From the line that holds "Набір головок торцевих" down to the last line of the listing below, transcribe exactly and only those lines. Leave pictures out.

Segment Open

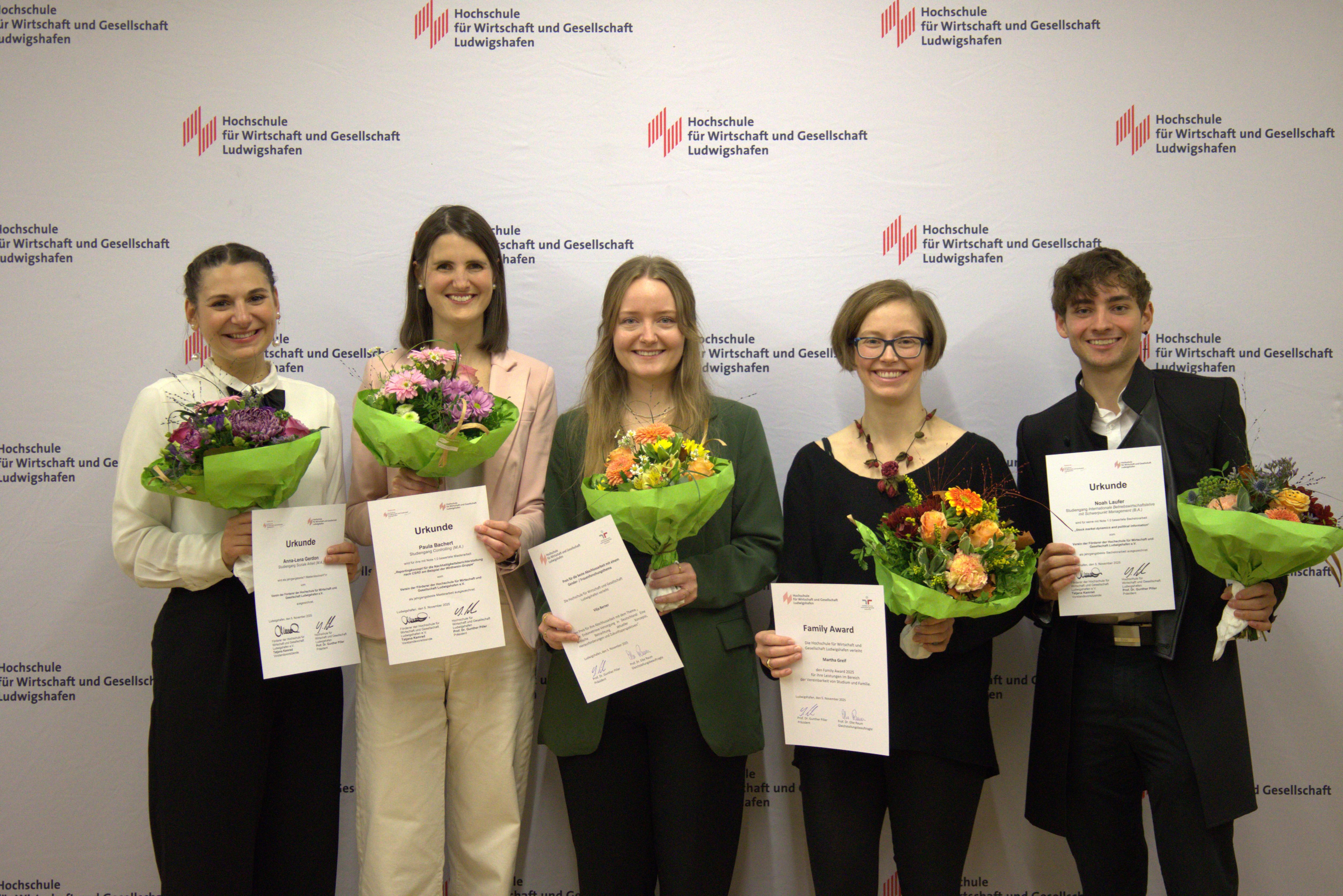 Am Mittwoch, 5. November 2025, standen an der Hochschule für Wirtschaft und Gesellschaft Ludwigshafen (HWG LU) erneut herausragende Studienleistungen im Mittelpunkt: Im Rahmen eines kleinen Festakts wurden die diesjährigen Förderpreise des Vereins „Förderer der Hochschule für Wirtschaft und Gesellschaft Ludwigshafen e.V.“ sowie die Preise der Gleichstellung verliehen. Wie in den vergangenen Jahren würdigten Hochschule, Förderverein und Gleichstellung damit das besondere Engagement und die exzellenten Leistungen ihrer Studierenden und Absolvent*innen.
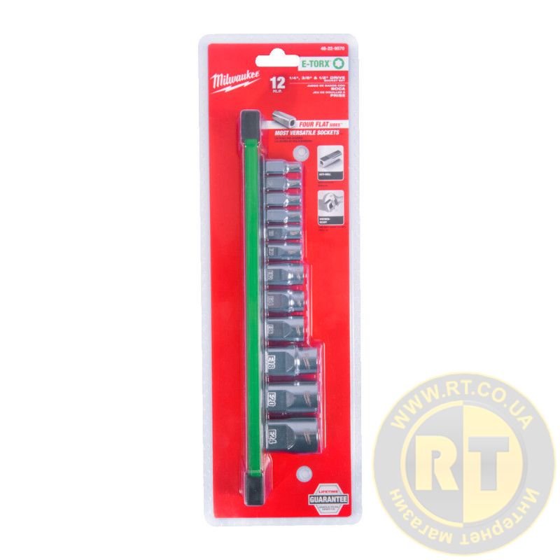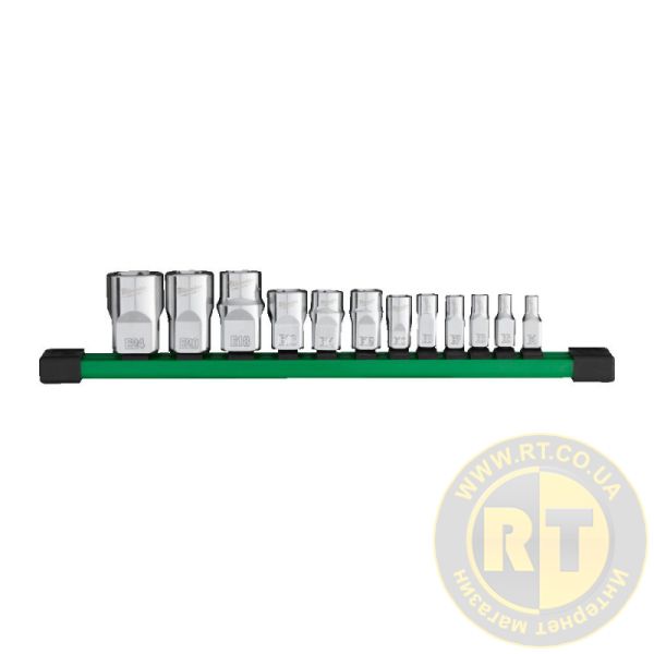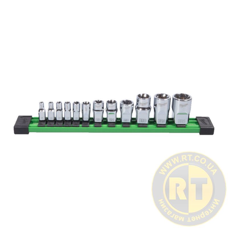Набір головок торцевих хромованих ¼”, ⅜″, ½” TORX Е-стандарт MILWAUKEE, на планці (13шт)
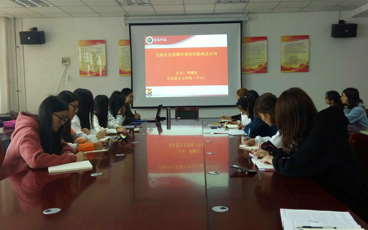 10月22日,在综合楼1130会议室,马克思主义学院的周耀宏副书记以“当前社会思潮对高校的影响及应对”为主题,展开详细的叙述,告诉了大家如何分辨正确的社会思潮以及合适的应对措施。
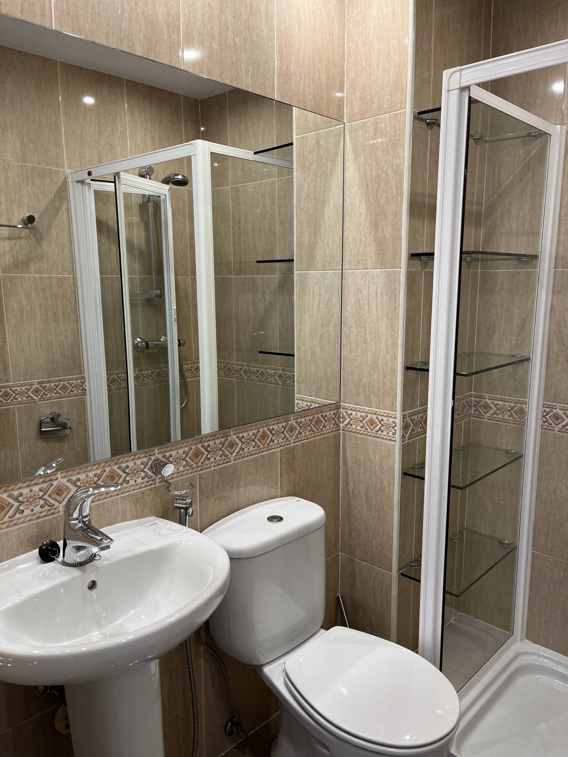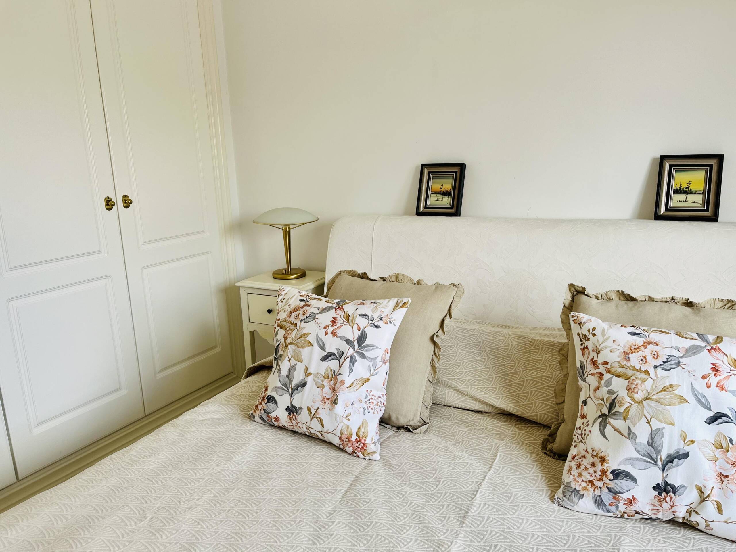 Makuuhuoneissa on molemmissa parisängyt ( 160×200 cm) ja hyvin säilytystilaa. Olohuoneessa on iso vuodesohva, johon mahtuu nukkumaan kaksi. Kahden makuuhuoneen lisäksi on kaksi tilavaa kylpyhuonetta joissa molemmissa on suihkut. Olohuone/ruokailutila, hyvin varusteltu keittiö täysin mukavuuksin, esim. astianpesukone ja pyykinpesukone, sekä mikro, kahvinkeitin, leivänpaahdin. Asunto on varusteltu kuudelle henkilölle, varusteluun kuuluu myös hiustenkuivain sekä lasten matkasänky, amme ja syöttötuoli.
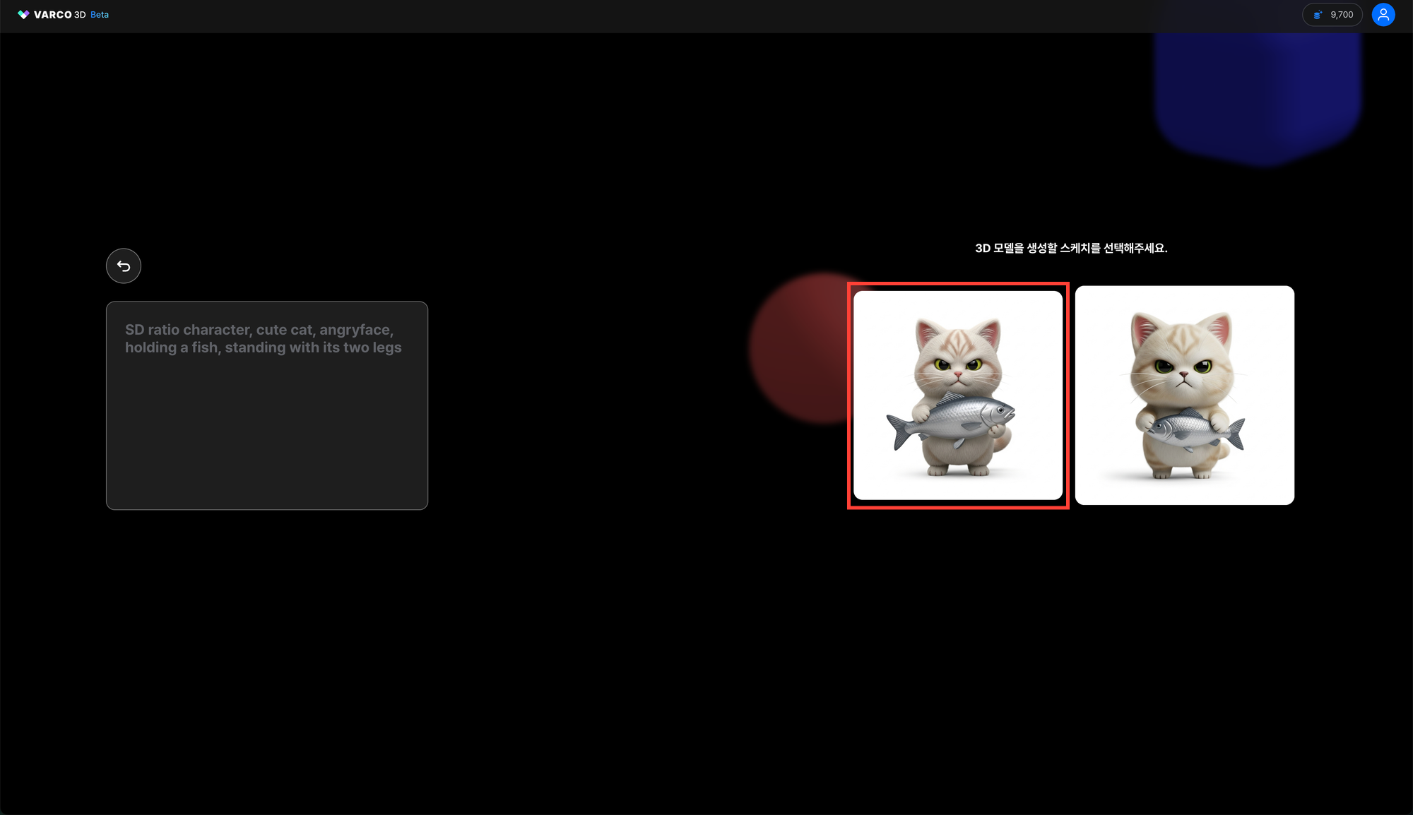 ํ ์คํธ ํ๋กฌํํธ๋ฅผ ์ ๋ ฅํ๋ฉด ๋จผ์ ์ด๋ฏธ์ง๊ฐ ์์ฑ๋ฉ๋๋ค. ์์ฑ๋ ์ด๋ฏธ์ง ์ค ํ๋๋ฅผ ์ ํํฉ๋๋ค.

Segment Closed

▶ EXERCISE RESULT
Набір головок торцевих хромованих ¼”, ⅜″, ½” TORX Е-стандарт MILWAUKEE, на планці (13шт)
 10月22日,在综合楼1130会议室,马克思主义学院的周耀宏副书记以“当前社会思潮对高校的影响及应对”为主题,展开详细的叙述,告诉了大家如何分辨正确的社会思潮以及合适的应对措施。
 Makuuhuoneissa on molemmissa parisängyt ( 160×200 cm) ja hyvin säilytystilaa. Olohuoneessa on iso vuodesohva, johon mahtuu nukkumaan kaksi. Kahden makuuhuoneen lisäksi on kaksi tilavaa kylpyhuonetta joissa molemmissa on suihkut. Olohuone/ruokailutila, hyvin varusteltu keittiö täysin mukavuuksin, esim. astianpesukone ja pyykinpesukone, sekä mikro, kahvinkeitin, leivänpaahdin. Asunto on varusteltu kuudelle henkilölle, varusteluun kuuluu myös hiustenkuivain sekä lasten matkasänky, amme ja syöttötuoli.
 ํ ์คํธ ํ๋กฌํํธ๋ฅผ ์ ๋ ฅํ๋ฉด ๋จผ์ ์ด๋ฏธ์ง๊ฐ ์์ฑ๋ฉ๋๋ค. ์์ฑ๋ ์ด๋ฏธ์ง ์ค ํ๋๋ฅผ ์ ํํฉ๋๋ค.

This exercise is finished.